Uscire da un labirinto del genere non è impresa facile: lo stile dei dialoghi-monologo e dei continui intermezzi spiazza, e affatica. Occorre una memoria capace per non perdere la rotta.

Alla fine resta un senso di smarrimento: vale la pena vivere? “…purché i mali siano tollerabili, la giostra terrena offre motivi d’interesse; in sede estetica e morale, conviene adempiere l’intera parte. Ogni suicidio ragionevolmente evitabile vìola regole del gioco”. Un gioco intessuto, lo si è visto, da un Onnipotente vendicatore, giudice ingiusto che condanna ab initio la creatura. Di qui un sotterraneo processo al Creatore, tra i tanti processi di superficie: nei testi sacri e in tutta la filosofia medievale e moderna si producono null’altro che prove schiaccianti della sua esistenza dispotica, capricciosa, e crudele, poiché ha plasmato un’umanità da soggiogare e gettare all’inferno tra i patimenti. I difensori, da Paolo ad Agostino, da Tommaso a Leibniz nulla possono per convincere la giuria del contrario, ché i fatti stessi, lungo tutta la storia dell’umanità, lo contraddicono. Il male, più evidente e chiassoso del bene (un penalista lo conosce meglio di altri), deve avere un’origine che travalica l’organo pensante di cui la razza umana è dotata. Se l’uomo è cattivo, la colpa è di Dio.

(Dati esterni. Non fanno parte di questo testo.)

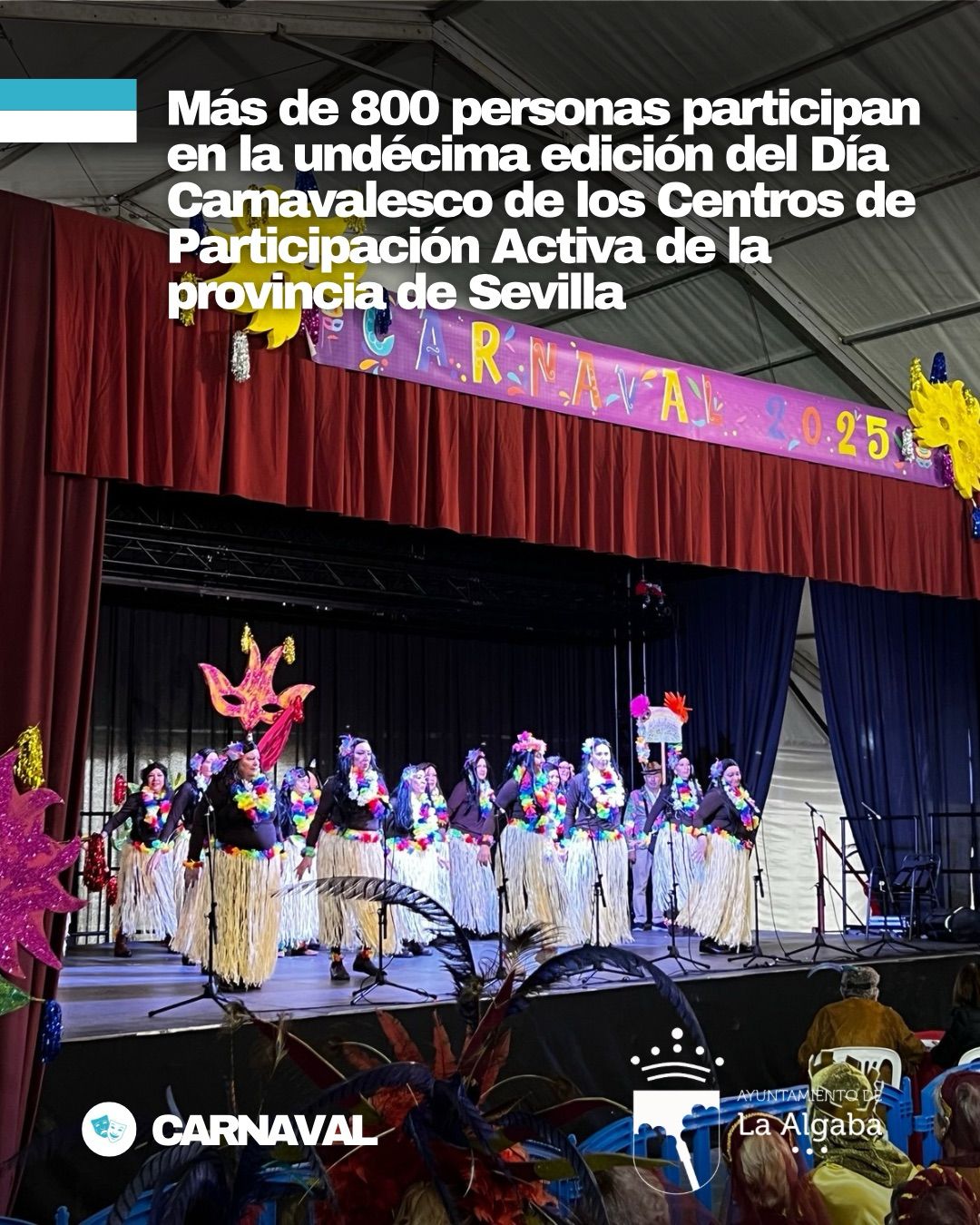 La Algaba ha acogido hoy, por décimo primer año, el Día Carnavalesco de los Centros de Participación Activa de la provincia de Sevilla. Un evento ya consolidado que se celebra en el Auditorio Municipal del municipio y que ha contado con la participación de más de 800 personas mayores.

Cordero combatte fino all’ultimo respiro, fino all’ultima pagina, quelle “potenze del secolo” che si nascondono dietro l’idea di superiorità di una razza, o della presunta sacralità del re, che prendono a prestito miti e religioni per i loro giochi di potere omicidi, potenze assassine non tanto (non solo!) dei corpi, quanto delle anime e della dignità dell’uomo. Così voglio leggere questo “testamento” letterario e umano, al di là di tutte le implicazioni filosofiche e religiose. Così voglio pensare che il penalista si interroghi e interroghi la coscienza di ciascuno, mostrando il volto più difficile e disturbante dell’esistenza.

Edizione esaminata e brevi note

Franco Cordero è stato professore emerito di Procedura penale presso l’Università La Sapienza di Roma e tra i più insigni giuristi italiani. Autore di numerosi testi scientifici, tra cui un manuale di Procedura penale costantemente ristampato, ha esordito nella narrativa con Genus (premio Viareggio opera prima 1969). Nella sua ampia produzione letteraria, che include romanzi, saggi e pamphlet, ricordiamo Le strane regole del signor B. (2003, premio Bagutta 2004), Fiabe d’entropia (premio Brancati 2005), Savonarola (2009), Morbo italico (2013), Bellum civile (2017).[dal sito dell’editore; altre notizie sulla pagina di wikipedia]

Franco Cordero. La tredicesima cattedra. La nave di Teseo, Milano, 2020. 364 p.